Last fall, Tiburon Associates in Alexandria, Va., merged its RTW and STD programs for its 500 employees. Between 3 percent and 5 percent of its workforce are on STD, says Rebecca Storts, HR manager at Tiburon, which places its employees with government contractors.

“It’s not easy to go out and just find another employee,” she says, adding that the company’s STD carrier is Aflac.

“We provide a skilled workforce,” she says, “and are maintaining much more of that skill set when we actually get that employee back to work.”

She says HR designed simple forms for physicians to clearly state the employee’s capabilities, then asked supervisors to brainstorm potential positions for employees on STD.

Because many employees are assigned to work in production-based environments, she says, those on STD can still perform important tasks such as sitting on a stool with a stopwatch to evaluate areas for improvement.

An Aflac representative also conducts employee seminars that explain how the program works and what they need to do.

However, once on STD, employees don’t always communicate their health status, so HR has assigned one staff member who stays in touch.

She periodically contacts them, asks about their prognosis and restrictions, when their next doctor’s appointment is and how long they will be off work, and requests they provide HR with a doctor’s note identifying their disability.

When a position becomes available, she sends an interim offer letter, describing their new job responsibilities and employer expectations.

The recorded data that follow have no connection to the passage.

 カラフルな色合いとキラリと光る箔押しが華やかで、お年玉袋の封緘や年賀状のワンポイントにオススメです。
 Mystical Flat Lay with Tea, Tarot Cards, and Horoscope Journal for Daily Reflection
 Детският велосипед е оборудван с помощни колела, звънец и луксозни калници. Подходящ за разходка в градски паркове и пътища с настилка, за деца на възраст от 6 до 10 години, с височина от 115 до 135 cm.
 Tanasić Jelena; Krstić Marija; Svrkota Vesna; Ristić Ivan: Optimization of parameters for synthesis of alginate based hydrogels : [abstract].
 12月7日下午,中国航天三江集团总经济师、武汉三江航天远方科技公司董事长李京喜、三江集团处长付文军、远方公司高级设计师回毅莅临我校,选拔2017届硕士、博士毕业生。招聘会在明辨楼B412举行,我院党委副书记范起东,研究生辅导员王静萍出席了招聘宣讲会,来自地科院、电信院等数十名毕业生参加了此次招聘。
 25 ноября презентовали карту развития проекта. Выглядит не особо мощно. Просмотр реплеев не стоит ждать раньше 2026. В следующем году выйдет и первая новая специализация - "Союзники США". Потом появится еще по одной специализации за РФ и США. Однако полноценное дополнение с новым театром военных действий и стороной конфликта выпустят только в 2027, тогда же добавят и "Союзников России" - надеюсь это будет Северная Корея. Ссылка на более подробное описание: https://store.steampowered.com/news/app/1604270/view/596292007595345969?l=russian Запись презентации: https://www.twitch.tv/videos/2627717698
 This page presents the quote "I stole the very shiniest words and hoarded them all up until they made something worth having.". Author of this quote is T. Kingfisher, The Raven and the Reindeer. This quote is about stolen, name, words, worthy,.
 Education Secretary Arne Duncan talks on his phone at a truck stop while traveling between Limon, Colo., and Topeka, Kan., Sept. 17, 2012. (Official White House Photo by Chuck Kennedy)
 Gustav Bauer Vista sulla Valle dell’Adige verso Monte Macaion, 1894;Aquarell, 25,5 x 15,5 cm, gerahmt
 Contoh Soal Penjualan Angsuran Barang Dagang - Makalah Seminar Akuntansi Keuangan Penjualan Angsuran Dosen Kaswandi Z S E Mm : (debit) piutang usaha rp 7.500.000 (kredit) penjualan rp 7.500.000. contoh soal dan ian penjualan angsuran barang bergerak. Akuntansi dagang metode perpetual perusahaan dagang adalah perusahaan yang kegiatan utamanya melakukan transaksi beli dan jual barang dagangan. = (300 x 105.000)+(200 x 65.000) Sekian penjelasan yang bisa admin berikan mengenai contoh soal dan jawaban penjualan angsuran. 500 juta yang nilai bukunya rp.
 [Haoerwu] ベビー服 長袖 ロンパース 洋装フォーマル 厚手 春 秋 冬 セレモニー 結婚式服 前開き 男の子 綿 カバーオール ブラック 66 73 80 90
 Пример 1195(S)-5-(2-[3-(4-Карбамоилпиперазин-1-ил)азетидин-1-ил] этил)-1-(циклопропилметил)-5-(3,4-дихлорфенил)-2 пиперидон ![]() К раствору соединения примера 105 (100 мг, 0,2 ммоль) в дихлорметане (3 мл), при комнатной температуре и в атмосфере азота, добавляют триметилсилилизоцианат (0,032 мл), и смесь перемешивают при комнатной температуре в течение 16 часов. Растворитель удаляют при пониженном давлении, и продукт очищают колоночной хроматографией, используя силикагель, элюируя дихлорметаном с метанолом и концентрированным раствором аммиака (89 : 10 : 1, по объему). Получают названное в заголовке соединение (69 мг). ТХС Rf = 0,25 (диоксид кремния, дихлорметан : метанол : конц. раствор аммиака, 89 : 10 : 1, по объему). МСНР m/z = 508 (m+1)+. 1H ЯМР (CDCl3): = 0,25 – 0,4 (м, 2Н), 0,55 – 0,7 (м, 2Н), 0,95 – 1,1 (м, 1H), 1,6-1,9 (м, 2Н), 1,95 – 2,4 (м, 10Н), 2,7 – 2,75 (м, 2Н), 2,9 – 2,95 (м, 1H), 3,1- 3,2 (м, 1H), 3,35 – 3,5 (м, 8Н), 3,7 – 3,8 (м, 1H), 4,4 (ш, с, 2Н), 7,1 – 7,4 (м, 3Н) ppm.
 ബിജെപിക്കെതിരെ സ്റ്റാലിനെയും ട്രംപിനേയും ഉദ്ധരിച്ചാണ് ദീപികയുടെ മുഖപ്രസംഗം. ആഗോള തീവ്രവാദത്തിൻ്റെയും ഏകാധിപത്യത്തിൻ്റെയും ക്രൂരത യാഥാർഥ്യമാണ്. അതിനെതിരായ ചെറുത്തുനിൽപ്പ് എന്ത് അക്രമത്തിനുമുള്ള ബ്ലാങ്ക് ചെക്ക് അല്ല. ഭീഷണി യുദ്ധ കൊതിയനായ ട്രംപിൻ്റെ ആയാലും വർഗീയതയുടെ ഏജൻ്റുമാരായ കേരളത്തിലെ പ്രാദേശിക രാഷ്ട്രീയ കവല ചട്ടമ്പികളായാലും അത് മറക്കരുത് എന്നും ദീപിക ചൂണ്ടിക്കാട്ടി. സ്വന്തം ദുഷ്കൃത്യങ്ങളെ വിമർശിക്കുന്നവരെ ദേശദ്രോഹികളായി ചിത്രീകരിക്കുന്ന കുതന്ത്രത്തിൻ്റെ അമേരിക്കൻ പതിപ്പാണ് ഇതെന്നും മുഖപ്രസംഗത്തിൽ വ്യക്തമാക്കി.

Employees sign off, also acknowledging awareness of their restrictions and an assurance that they won’t exceed their physical ability.

A form letter with a checklist of activities is also sent to their doctor, asking the physician to check off everything they can and can’t do.

When employees return to work, the company’s safety director meets with their supervisors to review their restrictions and options if they still can’t perform the job’s tasks. In such cases, employees are requested to return to their physicians for a new list of restrictions.

Although the company is still gathering program data, Storts believes it has saved in the five-figure range since the program was implemented last year.

“You have to show employees that you’re invested in them and that this is how, in return, they invest in you,” she says. “It’s really been a great learning opportunity when we merged these programs together.”